Some are good, some blatantly copied and some "inspired", yet these movies hold a very special place in my heart which I cannot forgo or ignore because its such a big part of my childhood. For now,I will be content in singing these songs in private lost in the haze of memories.

Wednesday, May 25, 2011

A Close Shave!


The repercussions of having been recently robbed?
Besides running short of the perennial cash that was your bank account via debit cards,you lose sleep(a lot) and a lot of crime fiction heroine stories fill up your head, claiming your constant attention. So besides carrying out an all night-er(given that its exam month),being awake at 5 in the Delhi morning when the climate miraculously (or if you ask me, apocalyptic-ally ) decides to take a turn for the better would lead to life changing revelations one would argue,but hardly so for me.
 It was cool that morning,in fact so cold, I got chills, very very unnerving for a mid-May morning. It was Delhi for crying out loud. So I stood on our verandah gazing meaningfully at the horizon, trying to delve the deeper meaning of life,reflecting. on the past, thinking how a mug of steaming hot black coffee would befittingly make me a Nescafe girl when this huge eagle thinks it funny to suddenly swoop from behind and try to grab me away by my hair.

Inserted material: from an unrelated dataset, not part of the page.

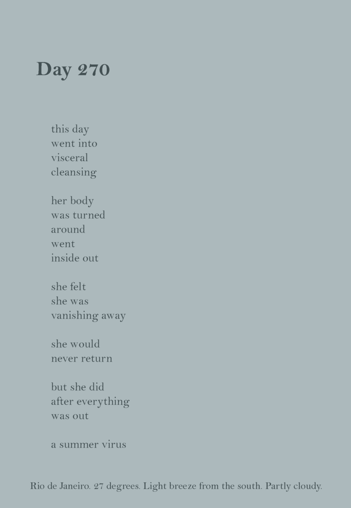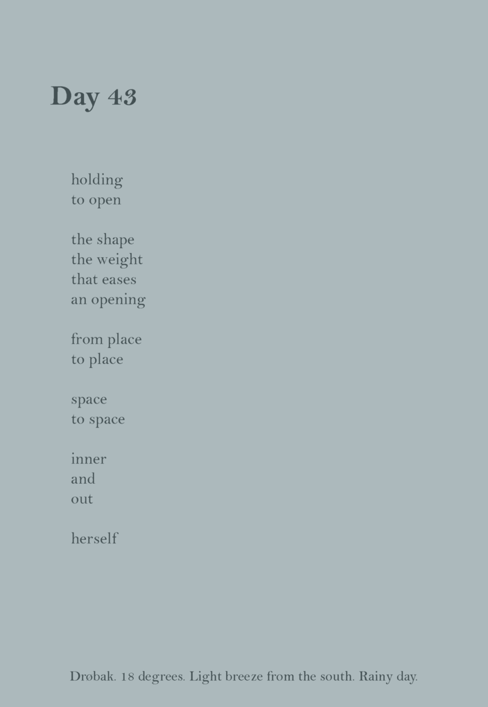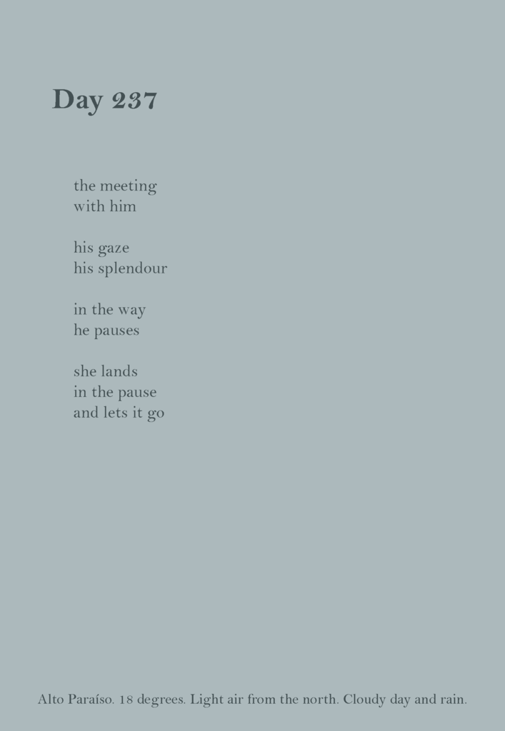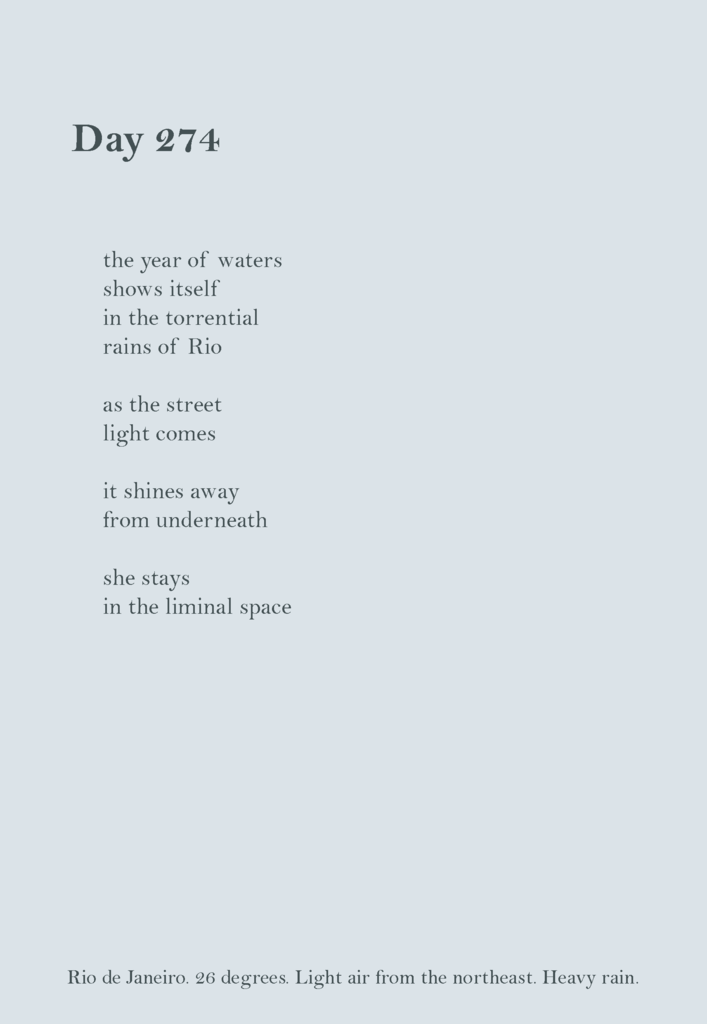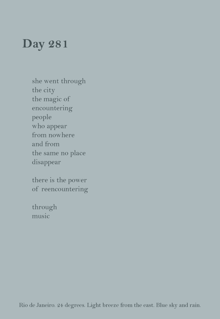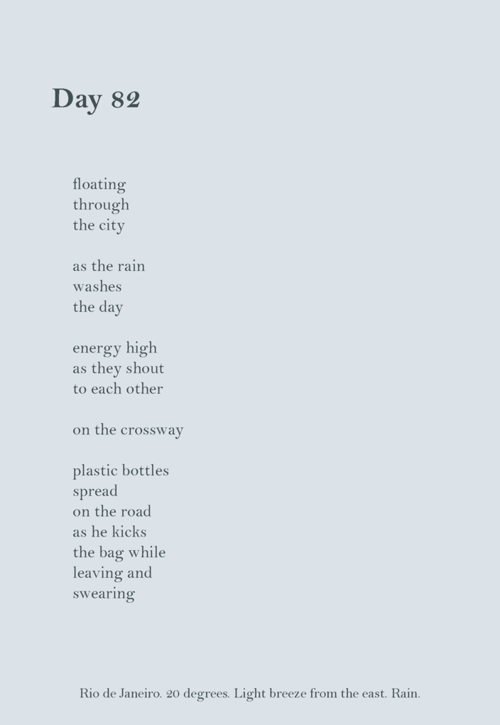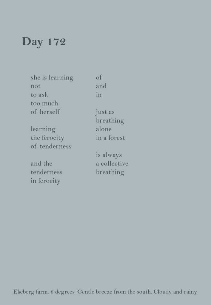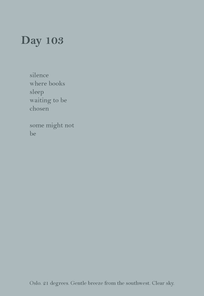 is a compilation of 365 cards documenting one year of daily practice, consisting of a walk, a poem, and a weather registration.
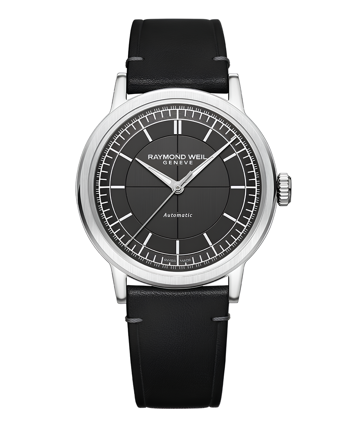 「ミレジム(millésime)」は、フランス語でヴィンテージを意味します。1930年代に流行したセクターダイアルや主にプラスチック製風防に見られたボックス型などの古典的なディティールに、現代の技術・素材・トレンドを交えるレイモンド ウェイル独自の解釈を加えた、「ネオ・ヴィンテージウォッチ」です。引き締まったブラックダイアルとシンプルなフェイスは、大人の遊び心へクールなスパイスを与えます。普段の装いにクールな印象を与える、スイス時計の小粋さを感じさせる貴重な一品です。

Not so funny for me, given our weight proportions,the eagle's scaly talons and the sudden jolt to impending reality. Okay, I'll admit, the very notion of the eagle wanting to carry me off was a tad bit funny but only in retrospection. I was frightfully annoyed then and physically hurt (mentally too but thats another story). I curse loudly and am immediately thankful nobody was around to admire my extensive vocabulary and linguistic abilities that can spew abuses in three different languages. The eagle then perches itself atop a nearby tree and eyes me derisively. Whether it was self damnation at the failure to carry me off or preparing itself for a second try, I didn't stick around to find out or make polite conversation with seemingly the only other living being in close proximity. I rush inside, call it a day and sleep to crime fiction dreams again. How connected is the robbery and this incident I cannot say, all I'll say is I can never look at another eagle or a motorcycle with normalcy ever again.